> **BRIEF**
In the answer, transcribe exactly the lines from the beginning of the material through the line holding "2025年12月1日,马克思", and skip every picture.

> **DATASET EXTRACT**
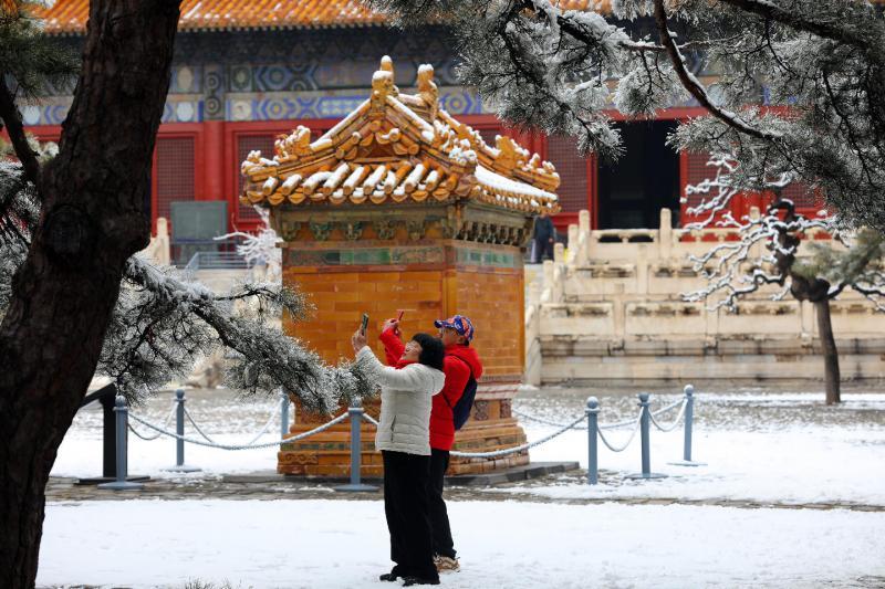 漫步陵区,空气中弥漫着雪后清新的气息,昔日庄严肃穆的皇家园陵,因这场春雪更添几分诗意与灵动。不少游客和摄影爱好者特意踏雪而来,举着相机、手机穿梭在红墙白雪之间,定格古建琼枝、飞檐落雪的绝美画面,在移步换景中感受大明王朝的鼎盛气象与雪景的静谧意境。快门声与游客的轻声赞叹交织,为肃穆的陵寝增添了十足的生机与活力,也让历史古建在白雪的映衬下,焕发出新的魅力。
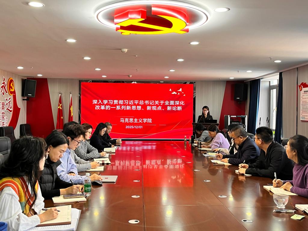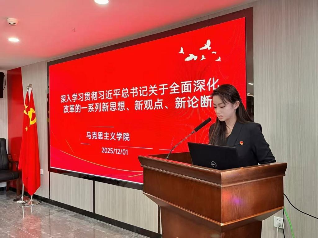 2025年12月1日,马克思主义学院党支部在综合楼1414开展专题理论学习活动,深入学习贯彻习近平总书记关于全面深化改革的一系列新思想、新观点、新论断。本次专题学习由马克思主义学院院长吴卫东主持,马克思主义学院教师李晴主讲,马克思主义学院党支部全体党员参加学习。
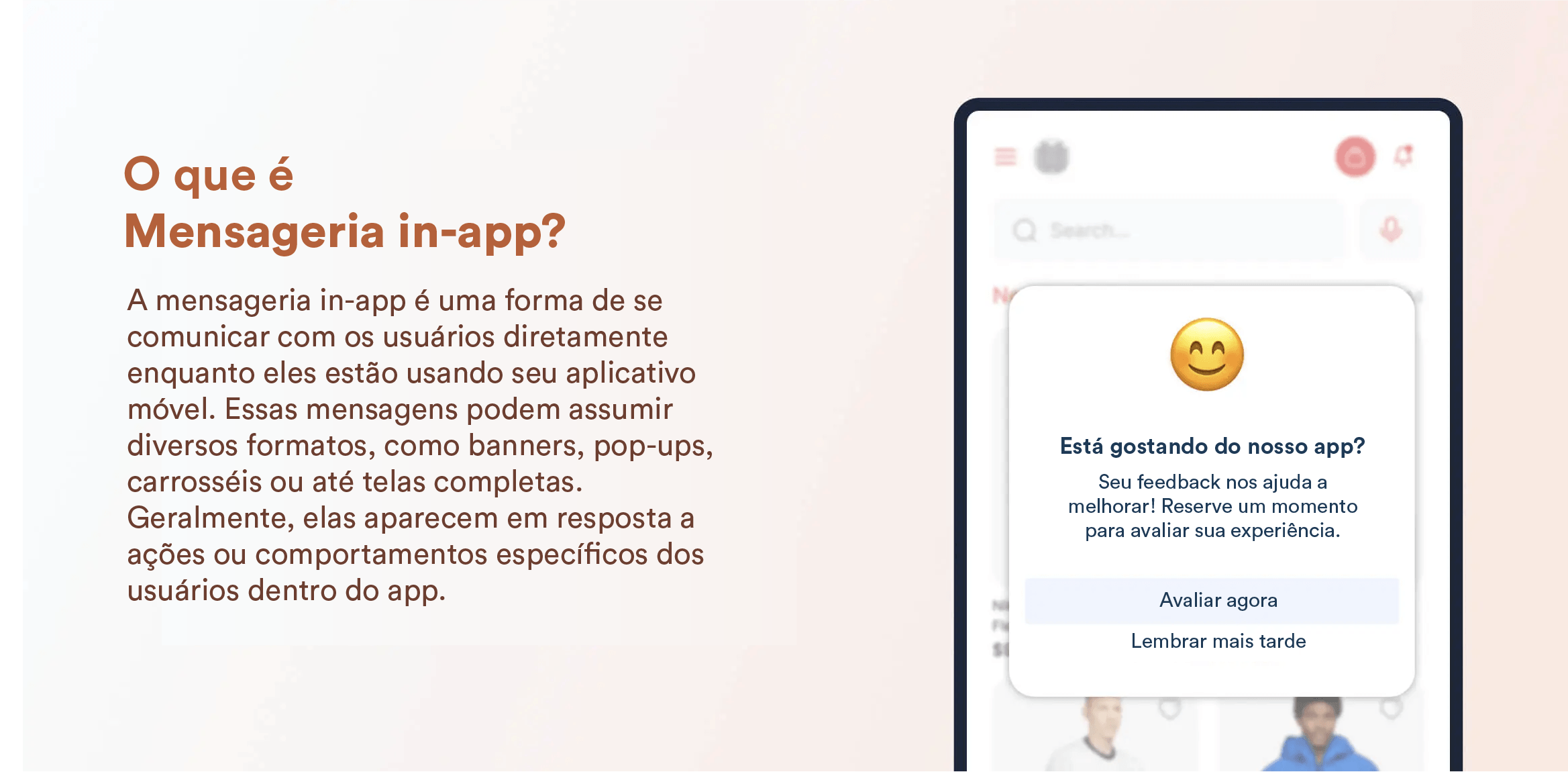 Ao contrário das Notificações Push, que alcançam os usuários fora do aplicativo e visam trazê-los de volta, as mensagens in-app aparecem apenas quando alguém já está ativo em seu aplicativo. Isso as torna menos intrusivas e mais relevantes, pois são acionadas pelo que os usuários estão realmente fazendo em tempo real. Como resultado, a mensagem in-app se tornou uma parte essencial das estratégias de engajamento mobile, permitindo que as marcas se conectem com os usuários em momentos-chave e impulsionem ações significativas.

> **EXERCISE SOLUTION**
 漫步陵区,空气中弥漫着雪后清新的气息,昔日庄严肃穆的皇家园陵,因这场春雪更添几分诗意与灵动。不少游客和摄影爱好者特意踏雪而来,举着相机、手机穿梭在红墙白雪之间,定格古建琼枝、飞檐落雪的绝美画面,在移步换景中感受大明王朝的鼎盛气象与雪景的静谧意境。快门声与游客的轻声赞叹交织,为肃穆的陵寝增添了十足的生机与活力,也让历史古建在白雪的映衬下,焕发出新的魅力。
 2025年12月1日,马克思主义学院党支部在综合楼1414开展专题理论学习活动,深入学习贯彻习近平总书记关于全面深化改革的一系列新思想、新观点、新论断。本次专题学习由马克思主义学院院长吴卫东主持,马克思主义学院教师李晴主讲,马克思主义学院党支部全体党员参加学习。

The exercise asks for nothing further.